+++ Input data +++

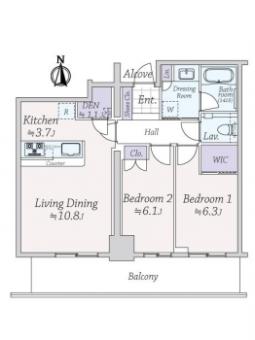 | 間取り | 2LDK | 専有面積 | 63.73m2(19.2坪) 壁芯 |
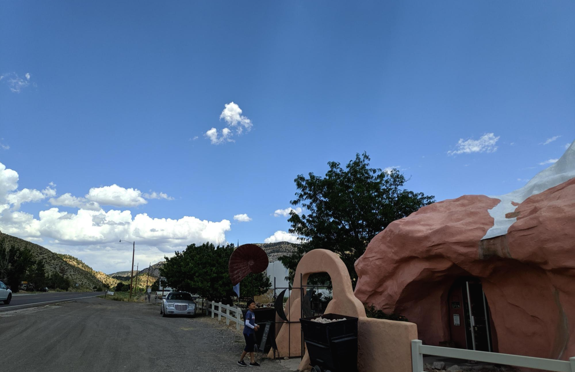 이 샵은 작은 마을인 Orderville 을 지나서 바로 나오는 곳이기는 하지만, 역시나 오늘도 우리 차 뿐 아니라 여러대의 차량이 잠시 주차하며 이 샵에 들리는 것을 경험한다. 전날 들른 곳과는 크게 다른 것은 없지만, 나중에 들른 가게는 야외에 조형물들 아기자기하게 잘 꾸며놓은 점은 특색이 있었다.
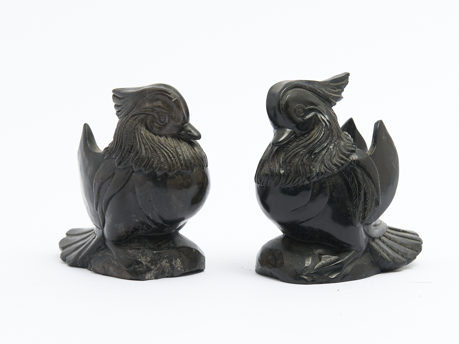 A PAIR OF CARVED MANDARIN DUCKS H.11CM, LEONARD JOEL DELIVERY SIZE: SMALL
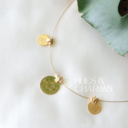 GOLDEN LAKSHMI 3 COIN FLOATING NECKPIECE
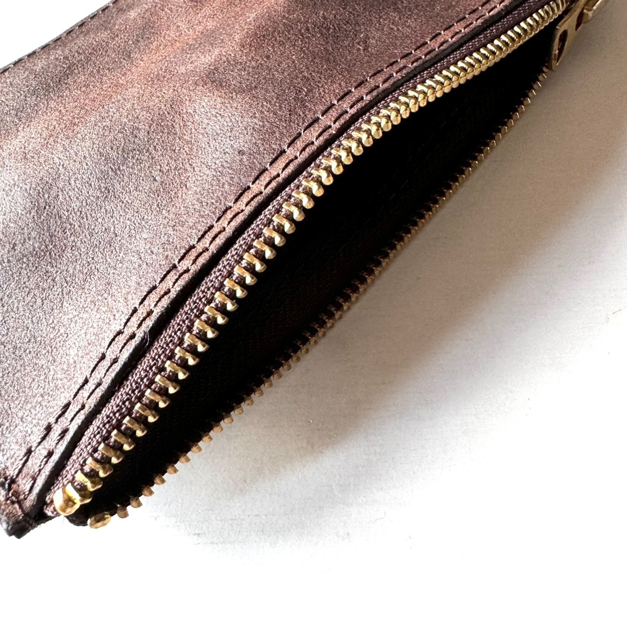 ラフアウト(牛革の床面)のレザーポーチです。手染め、オイル、コガシ加工、”ANCHOR MILLS 社製”スタンプなどでヴィンテージ紙のような風合いに仕上げました。ファスナーはヴィンテージ感のあるUNIVERSALファスナーを使用しまし た。ペンケース・通帳ケースなどにご利用いただけます。ANCHOR'S LOG BOOKとセットもおススメです。
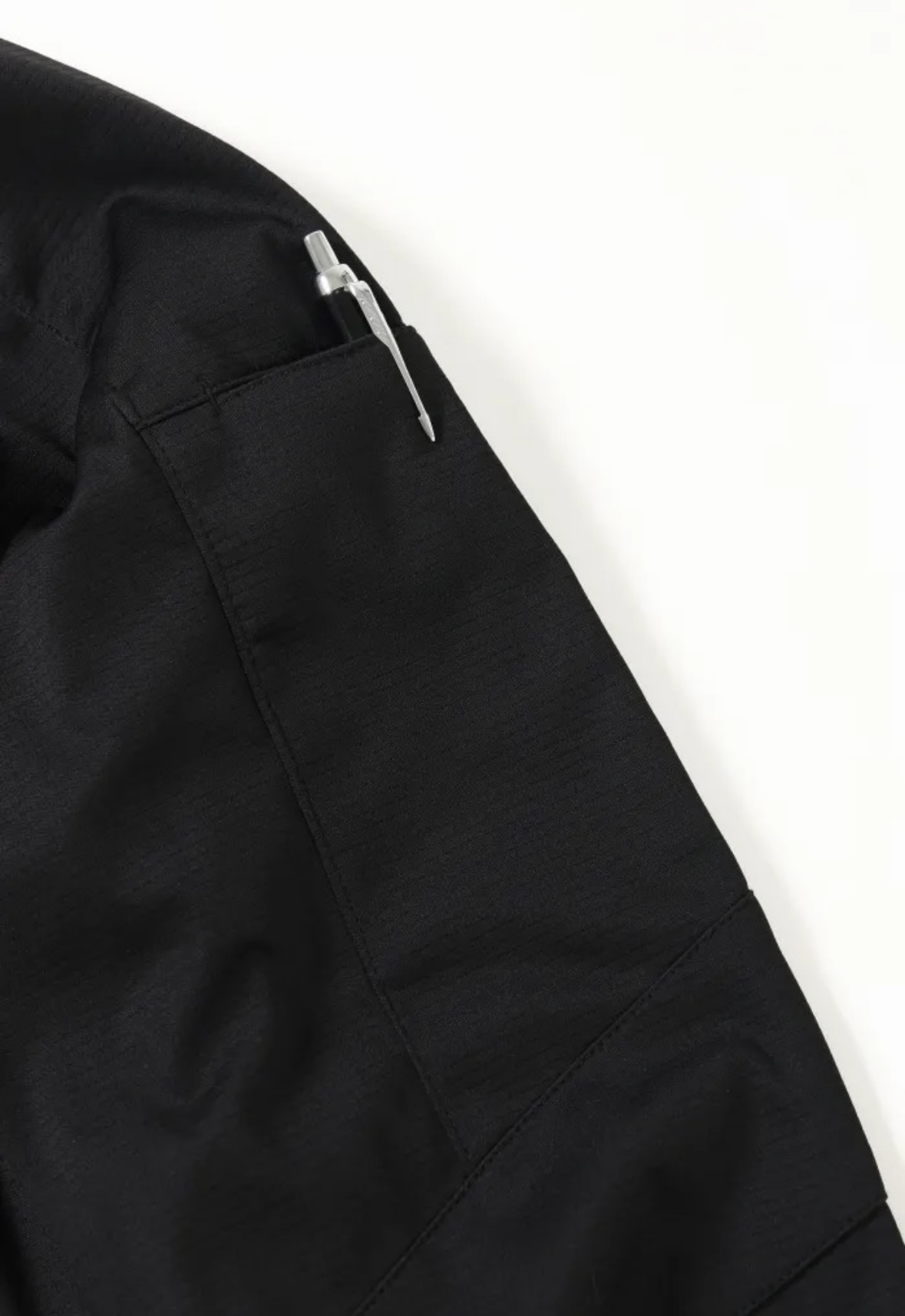 大事なものが収納できる脇ファスナーポケットに加え、ポケット内部はハンドウォーム仕様で手甲側を起毛素材にし保温性をプラスしています。左袖ペン差し、脇部分(裏側)の消臭テープ等、カジュアルな見た目ながらワークウェア由来の機能性を持っています。
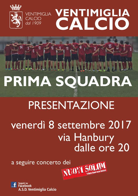 E' tutto pronto per la presentazione questa sera (l'appuntamento è per le ore 20.00) della Prima Squadra del Ventimiglia Calcio di mister Andrea Caverzan in via Hanbury nel cuore della città di confine.
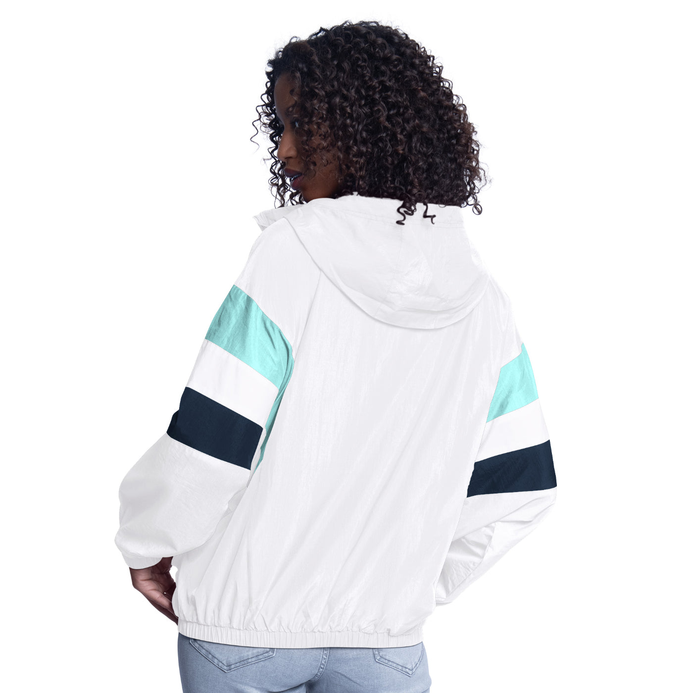 Stay stylish and show your Seattle Kraken pride with the Women's Game News Nylon Jacket. Designed for comfort and versatility, this lightweight windbreaker features a sleek white base with bold team-inspired accents in deep navy, teal, and white. The full-zip front allows for easy layering, while the high collar and adjustable drawcords offer added protection against the elements. The Seattle Kraken logo on the chest adds an authentic touch, making it perfect for game days, casual outings, or everyday wear. With a relaxed fit and elastic cuffs for a secure feel, this jacket is a must-have for any Kraken fan looking to combine fashion and fandom.
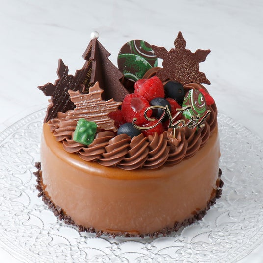 チョコレートブランドらしい華やかで繊細なチョコレート飾りで仕上げたクリスマスだけの特別なケーキです。
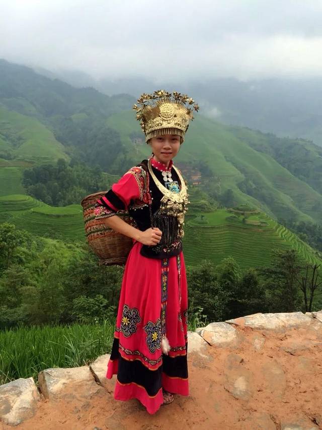 酒店很安静,住着很舒服,不像其它吊角楼动静很大隔音又不好。第二天早上为了看日出5点半就起床了,往窗外看玻璃都是湿气水汽。外面也有雾,天气不太好太阳被遮住了,天边露出几抹小红光,看不了日出,有点可惜。洗漱整理完行李后我们下了楼点了桂林米粉吃,边吃边看向雾气遮住了的梯田,有点担心下一站的景点看不了。七点半我们出发到七星追月,半路又遇到老奶奶,打了招呼后,继续前行,爬了一个小时到达七星追月,感觉像翻了一座山。所谓“七星追月”,是梯田中指有七座小土堆,就像天上的七颗星星,在追一轮明月,很唯美,为了更好的同美景融合一起,我决定向当地人租套壮族姑娘衣服,把这一刻留下来。
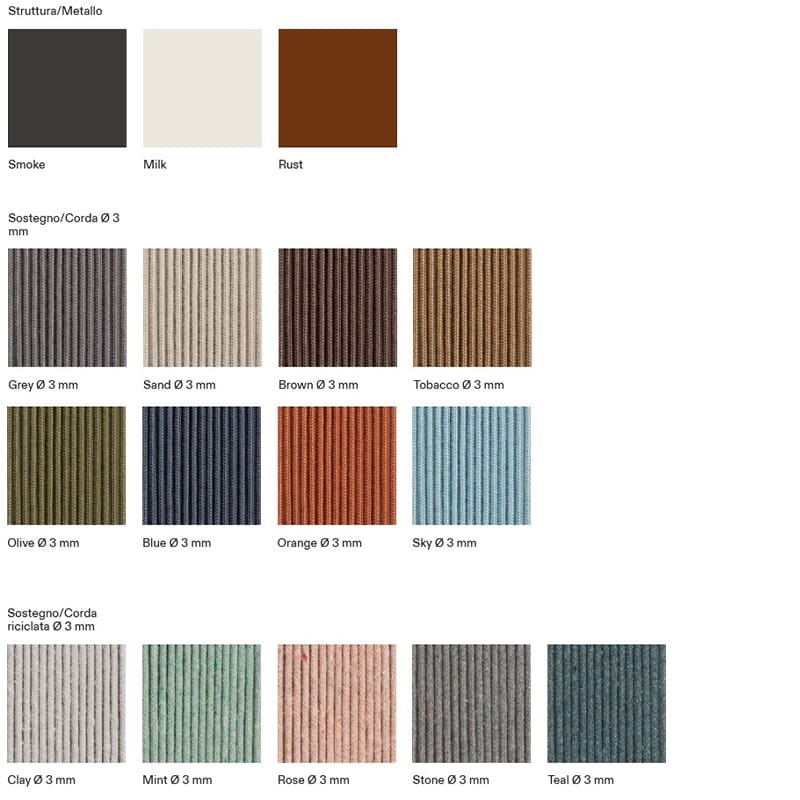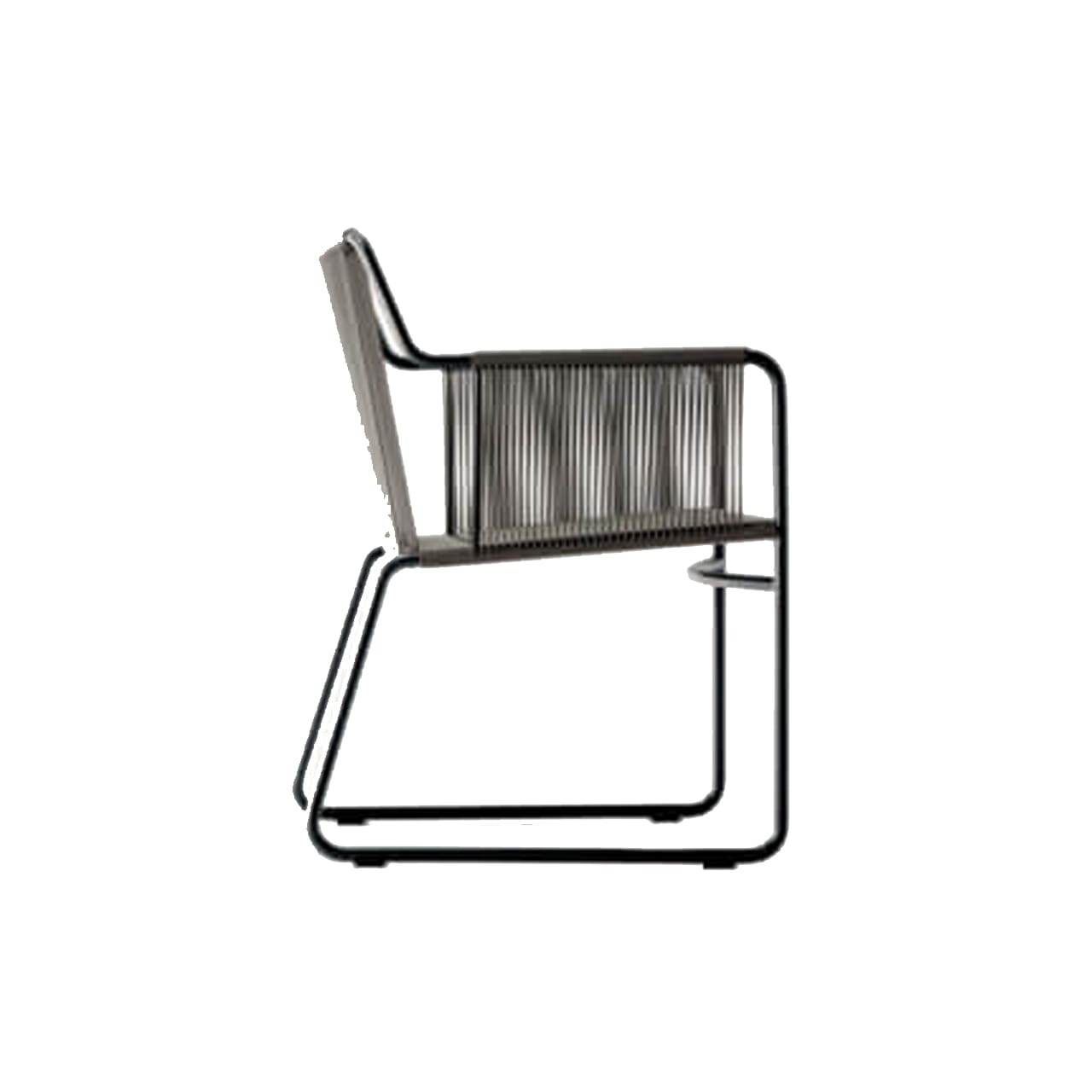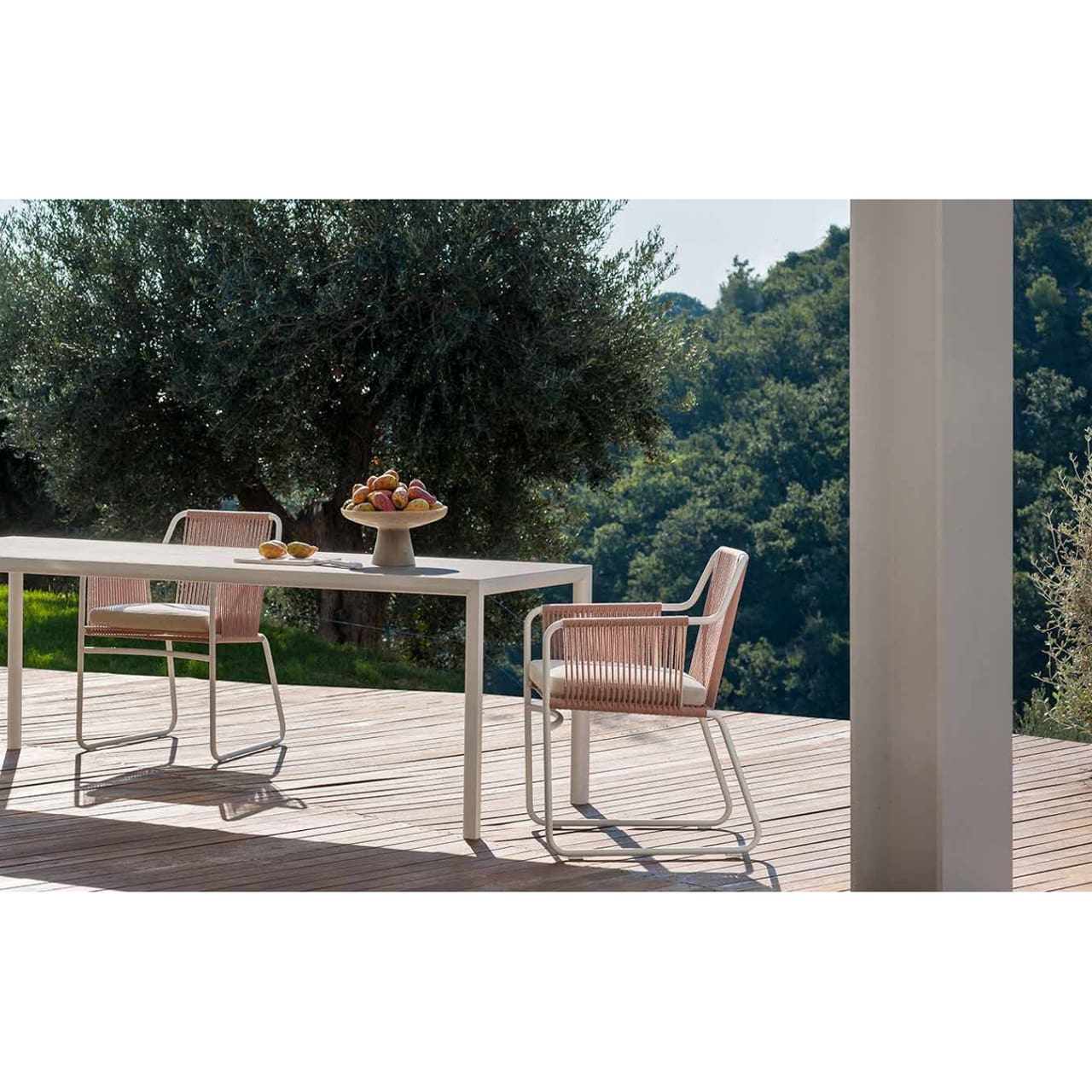 Roda – Sedia con braccioli Harp 359; La sedia con braccioli Harp è l’esaltazione di una lavorazione artigianale che porta il design outdoor: la struttura, in acciaio inossidabile verniciato per esterno, è lavorata e saldata a mano. La cordatura, ora proposta con un diametro di 3mm, anch’essa eseguita a mano, è realizzata in doppio filo ritorto di poliestere o acrilico con finitura cotoniera e diverse varianti cromatiche e gli abbinamenti tra le finiture di struttura e i colori delle corde soddisfano qualsiasi esigenza e si integrano in modo armonico ed elegante con tutti i tipi di arredo per esterni e in ogni contesto.

+++

**Task to carry out**.
Every line from the one containing "Stay stylish and" through the end of the listing is to be copied exactly; the pictures are not.

**Solution below**.
 Stay stylish and show your Seattle Kraken pride with the Women's Game News Nylon Jacket. Designed for comfort and versatility, this lightweight windbreaker features a sleek white base with bold team-inspired accents in deep navy, teal, and white. The full-zip front allows for easy layering, while the high collar and adjustable drawcords offer added protection against the elements. The Seattle Kraken logo on the chest adds an authentic touch, making it perfect for game days, casual outings, or everyday wear. With a relaxed fit and elastic cuffs for a secure feel, this jacket is a must-have for any Kraken fan looking to combine fashion and fandom.
 チョコレートブランドらしい華やかで繊細なチョコレート飾りで仕上げたクリスマスだけの特別なケーキです。
 酒店很安静,住着很舒服,不像其它吊角楼动静很大隔音又不好。第二天早上为了看日出5点半就起床了,往窗外看玻璃都是湿气水汽。外面也有雾,天气不太好太阳被遮住了,天边露出几抹小红光,看不了日出,有点可惜。洗漱整理完行李后我们下了楼点了桂林米粉吃,边吃边看向雾气遮住了的梯田,有点担心下一站的景点看不了。七点半我们出发到七星追月,半路又遇到老奶奶,打了招呼后,继续前行,爬了一个小时到达七星追月,感觉像翻了一座山。所谓“七星追月”,是梯田中指有七座小土堆,就像天上的七颗星星,在追一轮明月,很唯美,为了更好的同美景融合一起,我决定向当地人租套壮族姑娘衣服,把这一刻留下来。
 Roda – Sedia con braccioli Harp 359; La sedia con braccioli Harp è l’esaltazione di una lavorazione artigianale che porta il design outdoor: la struttura, in acciaio inossidabile verniciato per esterno, è lavorata e saldata a mano. La cordatura, ora proposta con un diametro di 3mm, anch’essa eseguita a mano, è realizzata in doppio filo ritorto di poliestere o acrilico con finitura cotoniera e diverse varianti cromatiche e gli abbinamenti tra le finiture di struttura e i colori delle corde soddisfano qualsiasi esigenza e si integrano in modo armonico ed elegante con tutti i tipi di arredo per esterni e in ogni contesto.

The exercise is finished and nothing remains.